**** Dataset section
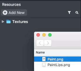 Once you've exported your texture(s), you can add them to Lens Studio by dragging and dropping them into the Resources panel.
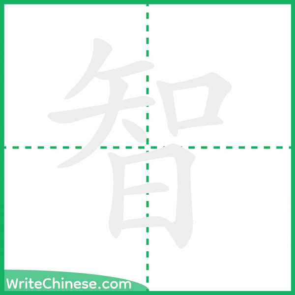 Learn to write the Chinese character "智" by watching the stroke order animation of "智".
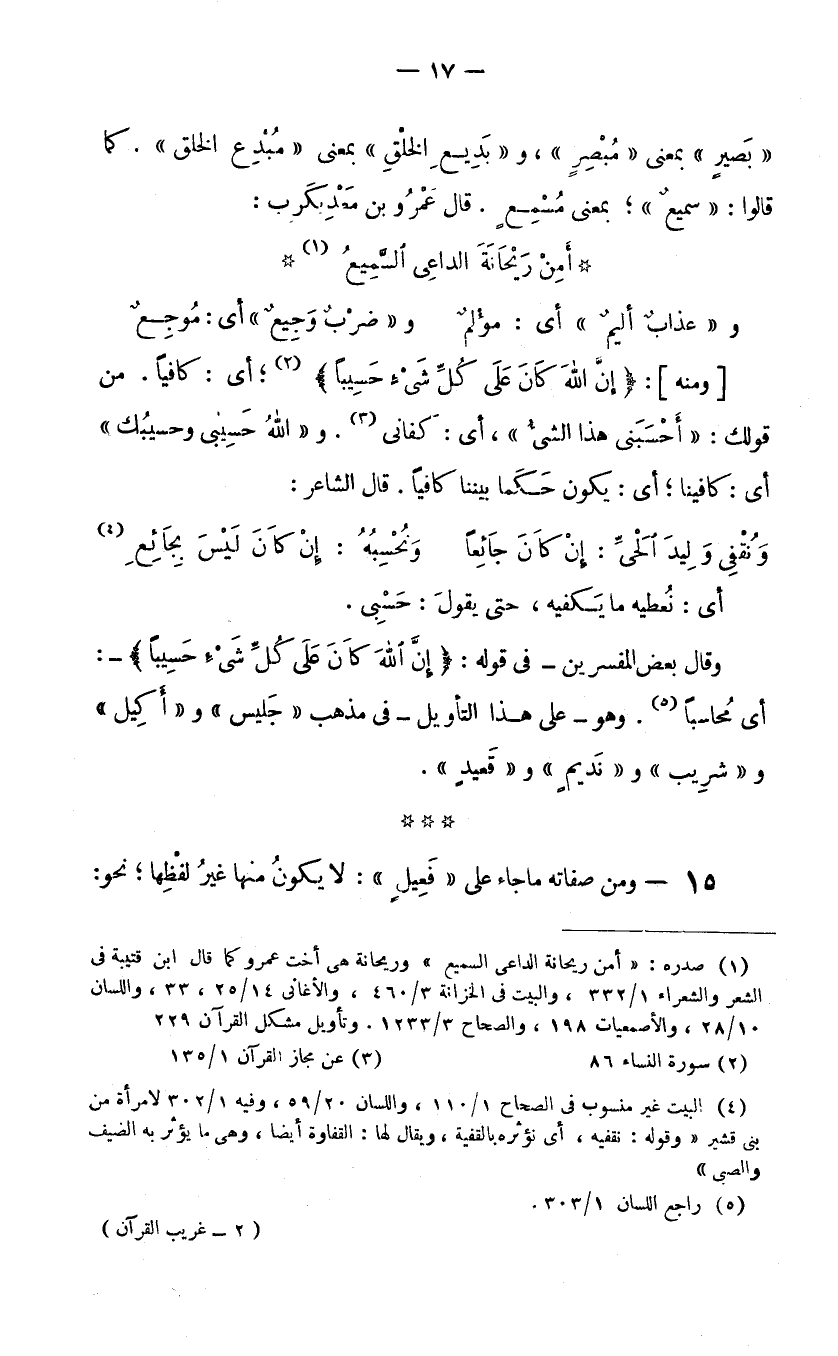 "بَصيرٍ" بمعنى "مُبْصِرٍ"، و "بَدِيعِ الخلْقِ" بمعنى "مُبْدِع الخلق". كما قالوا: "سميعٌ"؛ بمعنى مُسْمِعٍ. قال عَمْرُو بن مَعْدِيكَرِب:
********
* _Exercise directions_
From the material above, output every line exactly as written, dropping any picture.

* _Response to this exercise_
 Once you've exported your texture(s), you can add them to Lens Studio by dragging and dropping them into the Resources panel.
 Learn to write the Chinese character "智" by watching the stroke order animation of "智".
 "بَصيرٍ" بمعنى "مُبْصِرٍ"، و "بَدِيعِ الخلْقِ" بمعنى "مُبْدِع الخلق". كما قالوا: "سميعٌ"؛ بمعنى مُسْمِعٍ. قال عَمْرُو بن مَعْدِيكَرِب:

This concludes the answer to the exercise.